Isn't life absolutely grand?

Also, because this is set on Mars, we can do the "Mars in Fiction" Drinking Game.  As I give an overview of the plot, take a shot every time you can point out a cliche.

You step into the shoes of Zachariah, a young man of questionable skin tone and hair cut, who is destined to become a Technomancer.  Technomancers, which are totally not Jedi, are apparently a psuedo-peacekeeping brotherhood (again, totally not Jedi) on Mars. Mars itself was settled by various corporations that all battle one another for control using tactics that would give Vampire: The Masquerade players the squeest of squeefits, and they battle over a single substance - water.

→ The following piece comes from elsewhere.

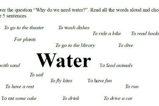 Task 1. Answer the question "Why do we need water?". Read all the words aloud and choose 5 to answer. Write 5 sentences.

...okay, you guys seem good and schnockered, so let's get into the gameplay. You have three distinct styles of combat: melee and shield for your bruiser, melee and gun for the sneaky type, and staff for those who want to take the whole space wizard thing far, far too literally. Combat is actually pretty involving and even to a degree enjoyable. The problem I have with it is that it's honestly trying to do too much. It's good to branch out and try different things, but it feels a little bizarre to have so many options when you're only really going to choose one style and then have that carry you through the rest of the game.

And then you have your Technomancer powers. You have the electrical powers. Enjoy them. They are fun...at least until you run into enemies who have electrical resistance. Nice job, morons.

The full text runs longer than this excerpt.